TASK GOAL:
Starting at the line that contains "- Желтый. Солнечный", write out every line through the end of the records exactly as it stands, and leave out all pictures.

Extracted records:
-- -- --
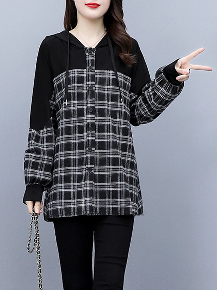 チェックシャツ レディース ゆったり シャツ 長袖 フード付き パーカー カジュアル ボタン おしゃれ ギンガムチェックシャツ 韓国 アウターストリート レジャー アウトドア お出かけ 秋冬 TP-034SE
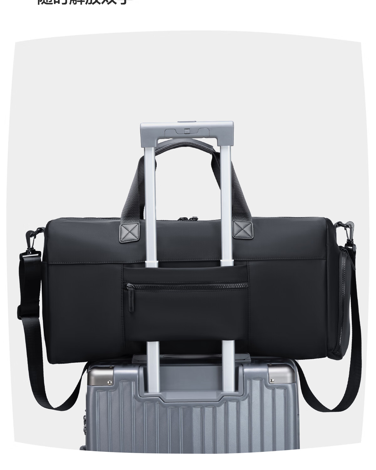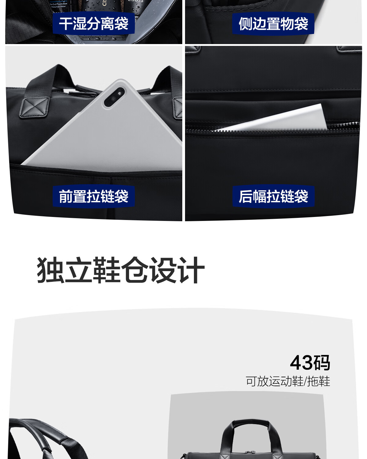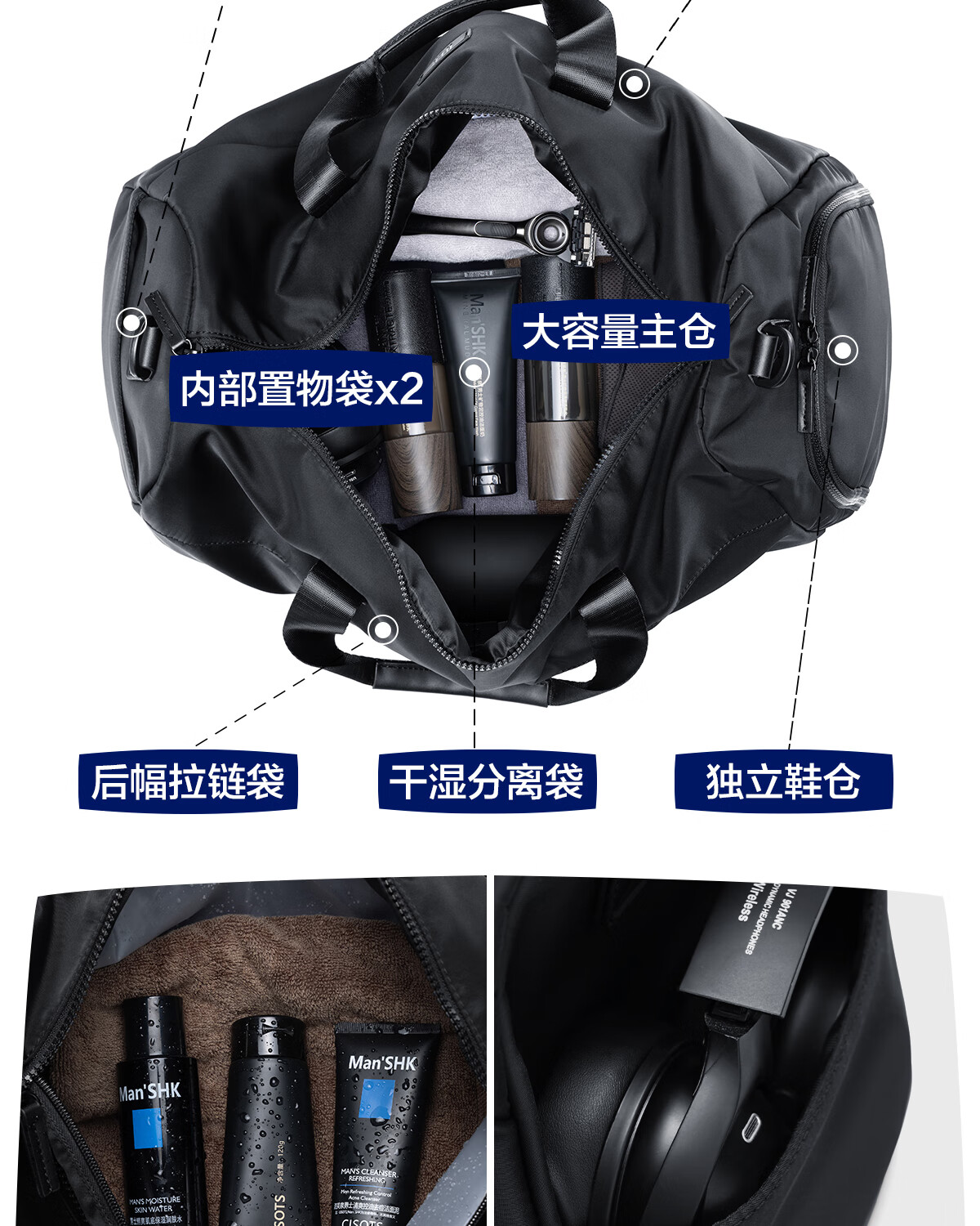 海澜之家旅行包男手提斜跨包干湿分离防泼水行李包出差短途行李袋大容量 黑色中号【25L容量+干湿分离袋】
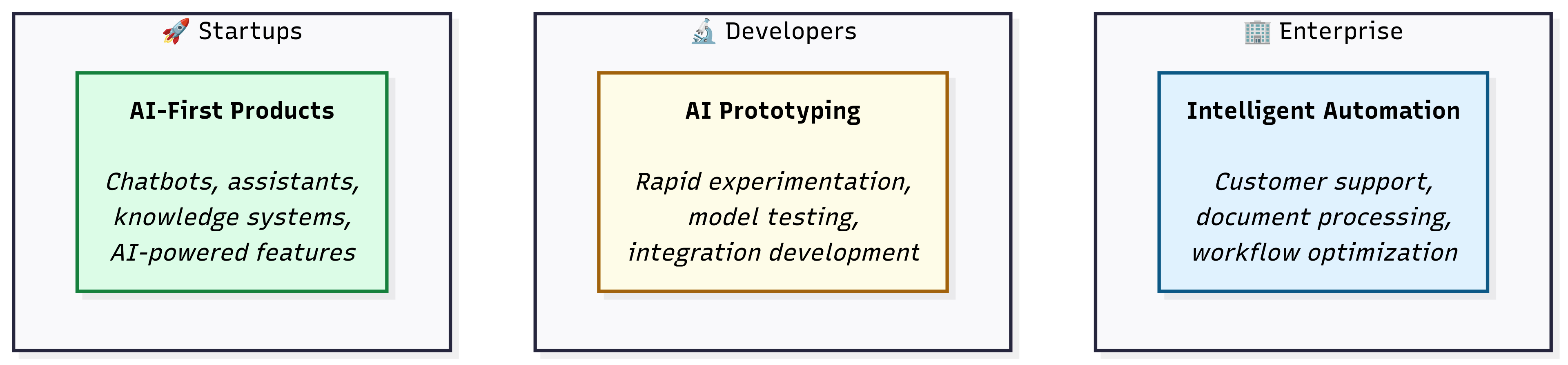 Skip the complexity of traditional coding. Our drag-and-drop interface lets you focus on solving problems, not wrestling with infrastructure. Build sophisticated AI workflows in minutes, not days.
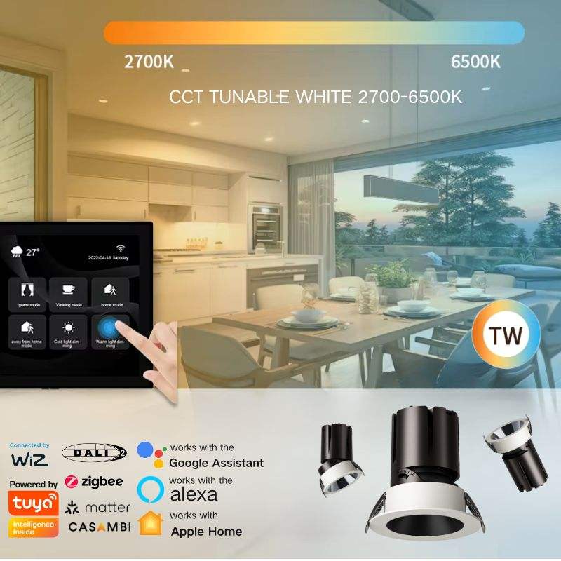 Nieuw Ontwerp Veerbelaste Downlight Deep Cup Anti-Glare Flush-Mounted Installatie Zigbee Tuya Dali Smart Home Systeem Downlight
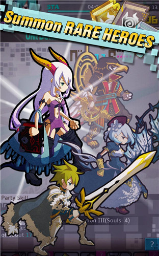 游戲的初期玩家可以選擇四種不同職業(yè)的勇者,分別是攻擊力和防御力相對(duì)平衡、血量也多的劍士,回復(fù)能力高但是攻擊力很低的輔助型的法師,攻防和血量都很平均的弓箭手還有強(qiáng)化攻擊力但是血量相對(duì)較少的騎士,初期推薦使用的是劍士和弓箭手,各方面的參數(shù)都比較均衡。游戲一開(kāi)始會(huì)有詳盡的新手教程,不會(huì)日文也完全沒(méi)有問(wèn)題,新手教程完了之后基本操作就可以輕松掌握了。
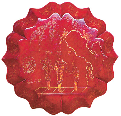 戗金莲瓣形朱漆奁“仕女消夏图”盖面 |
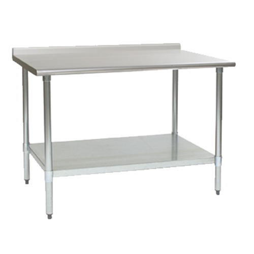 Deluxe Series Work Table, 132"W x 24"D, 16/300 series stainless steel top with 1-1/2"H rear up-turn, rolled front edge, adjustable galvanized undershelf, Uni-Lok® gusset system, (8) galvanized legs with adjustable plastic bullet feet, NSF
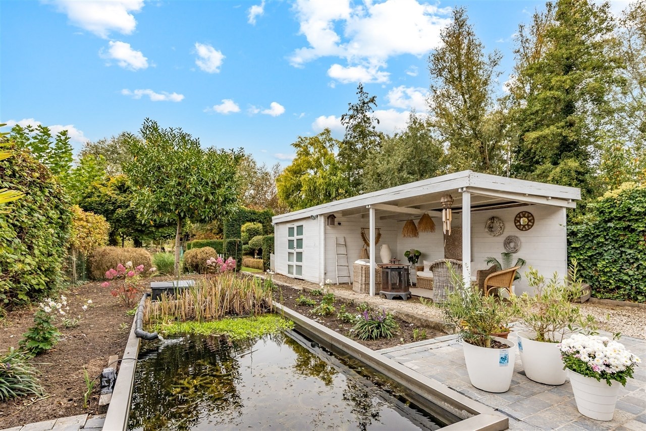 Een grote troef is het mooie terras waarvan er zicht is op de prachtig aangelegde tuin, vijver, extra tuinbergingen en het uniek uitzicht over de velden, ideaal om te ontspannen en te genieten van de rust. De tuin is rondom omheind en voorzien van een hek, en aan de voorzijde biedt het perceel toegang tot de bijzonder ruime oprit waar meerdere auto’s plaats kunnen vinden.
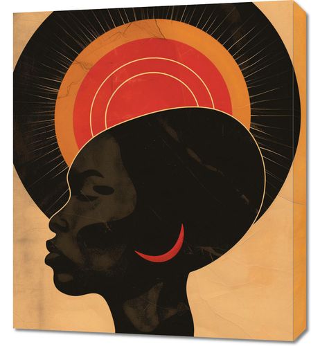 Obraz z serii abstrakcja zatytułowany Gorące Promienie to urzekający portret profilu kobiety, który wyraża siłę i spokojną godność. Jej sylwetka jest wyraźna i zdecydowana, z podkreślonymi, mocnymi liniami, a tło za jej głową tworzy aureolę w ciepłych odcieniach, od ciemnego poprzez jaskrawe odcienie pomarańczu do złota, co może symbolizować wschód lub zachód słońca. Te koncentryczne kręgi przypominają również halo, które często widnieje na obrazach świętych lub ikonach, nadając postaci niemal boski wymiar. Czarny kolor sylwetki w połączeniu z bogatymi, złotymi odcieniami tworzy mocny kontrast, który przyciąga wzrok i sugeruje tajemnicę oraz niezwykłą wewnętrzną siłę. Obraz ten jest elegancki i wyrazisty, doskonały do każdego wnętrza, w którym chce się podkreślić piękno, siłę i kulturowe bogactwo.
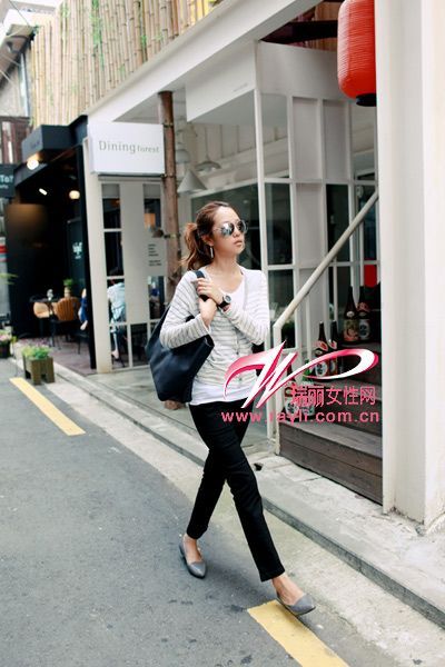 灰白条纹针织衫更具知性美,搭配黑色长裤效果更好!
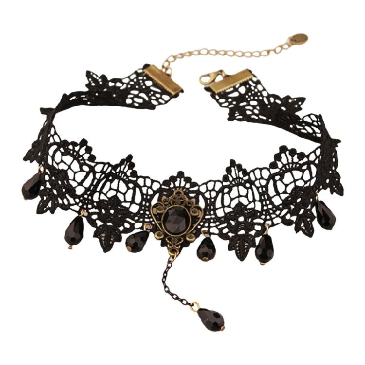 Elevating your styles with the Gothic Choker Necklace, featured intricated lace and crystal decors for a dramatic and sophisticated look.
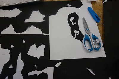 今日は,前回にどんどん切り取って生まれた「なんでもない形」を黒いか身の上に置いて,何かに見立てながら絵に表す活動です。意図的な形に切り抜いたものではないので,少し自信なさそうにしている児童もいたので「自分がそう見えたらいいんだよ。」「人によっていろんな見え方があるからおもしろいんだよ。」と声かけをしました。
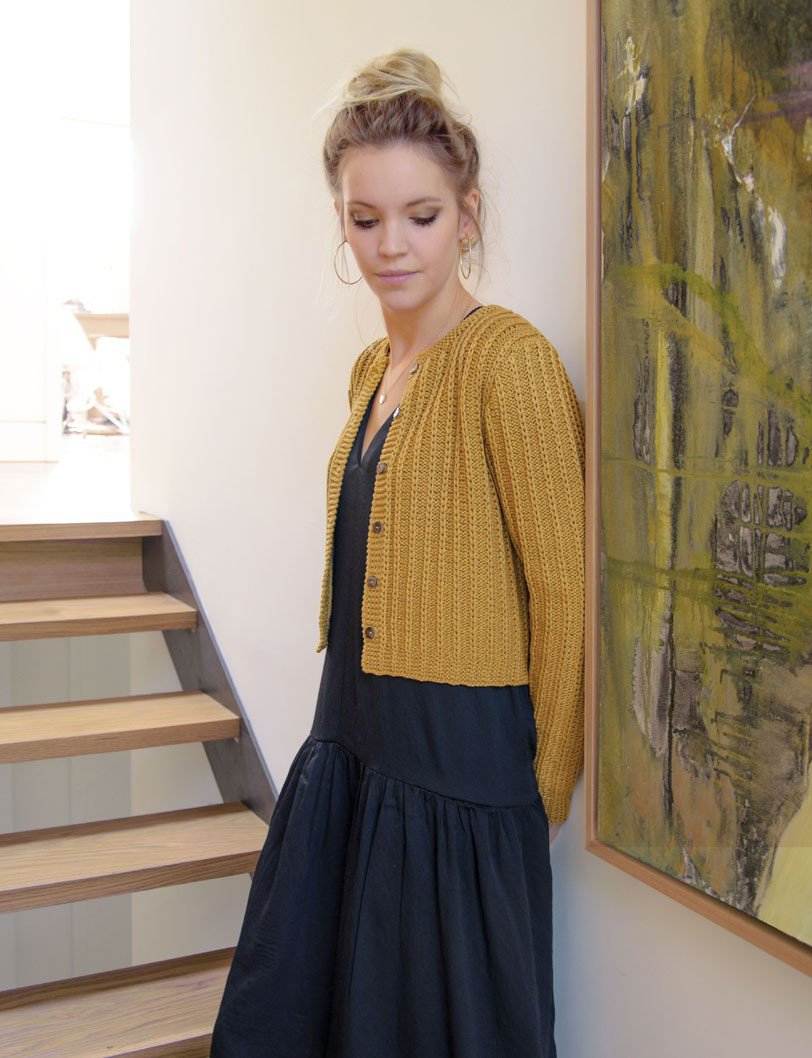 - Желтый. Солнечный желтый цвет способствует подъему настроения. Модели бледно-лимонного или горчичного цвета в сочетании с серым допустимы и в офисных луках. А яркий желтый кардиган украсит летний наряд.
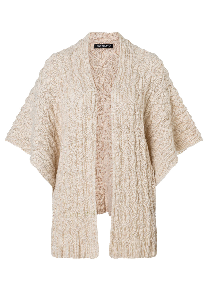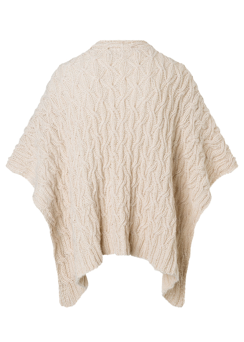 Vendbart 2-i-1-design Poncho-sjal som strikkes med dobbelt garn i et raffineret dobbeltsidet snoningsmønster.
-- -- --
WRITTEN SOLUTION:
 - Желтый. Солнечный желтый цвет способствует подъему настроения. Модели бледно-лимонного или горчичного цвета в сочетании с серым допустимы и в офисных луках. А яркий желтый кардиган украсит летний наряд.
 Vendbart 2-i-1-design Poncho-sjal som strikkes med dobbelt garn i et raffineret dobbeltsidet snoningsmønster.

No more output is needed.